Is there an athletic advantage to being transgender?

Allowing transgender athletes to compete against cisgender athletes could be unfair

President Joe Biden signed an executive order in January that will allow transgender athletes to compete based on the gender they identify as rather than their biological gender. While this is an amazing feat for the transgender community, it could be unfair to cisgender athletes.

How transgender athletes competing alongside cisgender athletes is approached varies based on the state and the athletic level. The Kansas State High School Activities Association states the school is responsible to determine the appropriate gender team for participation by the student. Once this determination is made, the school must notify KSHAA if a student is playing on a team opposite of their birth gender. Students are required to participate in the same gender category in all sports, for the remainder of their scholastic eligibility in grades 7-12.

On March 18 however, the Kansas State Senate passed a bill that will now alter how this is handled. This bill bans transgender athletes in all women’s sports in the state of Kansas, although none of the five transgender athletes in Kansas have ever won a state championship, trans athletes in other states have.

The Washington Times recently published a story on two transgender girls in Connecticut who placed 1st and 2nd in an indoor track state competition. The top six competitors in this competition earned a spot in the New England regional competition. One of the cisgender athletes in this competition said she felt this was extremely unfair to her because she felt she would have made it to regionals if the trans athletes were not competing. Along with these two women, there were 15 other trans girls who have won major high school tournaments and championships in multiple sports from 2017 to 2019 reported KMBC.

Competing at the collegiate level as a trans athlete is different from high school in the sense that the decision is up to the NCAA. The NCAA said that to participate in a sport at one of their colleges, the athlete does not need legal recognition that they are transgender. This however does not consider the use of hormones in these athletes. The NCAA only requires the athlete to be on hormones for one year to be eligible for collegiate level athletics.

Letsrun.com published a story in 2019 about Cece Telfer who was the first trans NCAA athlete. She was raised as a male and competed on the Franklin Pierce University men’s track and field team for her first three years of college when she was still identifying as a male. Letsrun.com said as a male, Telfer was a mediocre athlete and was never close to winning any major championships until she was able to compete with women.

According to the article, before Telfer’s sex change her best time 57.34 seconds, only got her 10th place in the competition whereas her best time after the sex change, 57.53 seconds won her a national championship. Letsrun.com said although Telfer was on hormones for the required year, she still retained high levels of testosterone that allowed her to win.

Because Telfer started hormones after puberty, Letsrun.com said she still developed all the typical male characteristics which just heightened her advantage. Research by the Mayo Clinic shows this is true. They said all people born male will still develop male characteristics unless they start hormones before they undergo puberty. Most people who are transgender do not start hormone therapy this early for many different reasons such as parental consent. Because of this, I do not really see how it can be fair for them to compete against biological women.

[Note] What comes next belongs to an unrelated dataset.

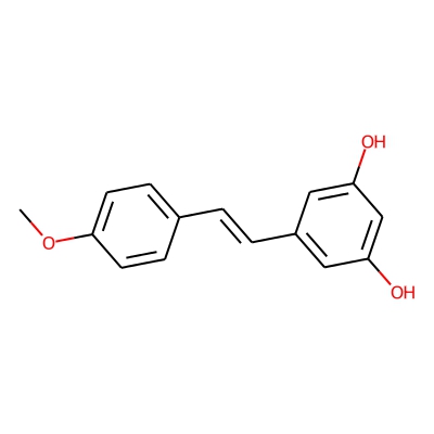 | CCSBASE_49D5E1C06F | RESVERATROL 4'-METHYL ETHER | [M+H]+ | 243.1016 | 157.3 | COC1=CC=C(C=C1)/C=C/C2=CC(=CC(=C2)O)O | small molecule | 1 | 7 | TW | calibrated with polyalanine and drug standards | |

Biological men, on average, perform ten to twelve percent better than the female equivalent in athletics, according to a study done by Duke University School of Law. Duke said this is because men generally are taller, have greater testosterone levels and higher muscle mass.

In the process of transitioning the testosterone levels are reduced which does suppress the muscle mass but a study from the University of California San Fransisco on transgender care shows these muscles are still able to grow back to the former size and one’s height is not altered during the transitioning process. This means that if a transgender woman and a biological woman did the same weight routine the trans woman would gain muscle and strength much faster than the biological woman.

An example of this would be from a story published by The Washington Post in 2019. Mary Gregory, a transgender woman who had been on hormones for one year, entered a weightlifting competition as a woman and won the whole thing and set multiple world records. She was later stripped of her title due to the fact that it was unfair that she competed without the competition having any prior knowledge that she was transgender, said Paul Bossi, the president of 100% Raw Powerlifting Federation.

In the same article by The Washington Post, two former Olympic athletes agreed that while the feelings of trans athletes do matter, sports should be about the biology of a person rather than ideology.

When taking biology into consideration, having trans women compete against cisgender women is unfair and threatening to the integrity of women’s sports at all levels.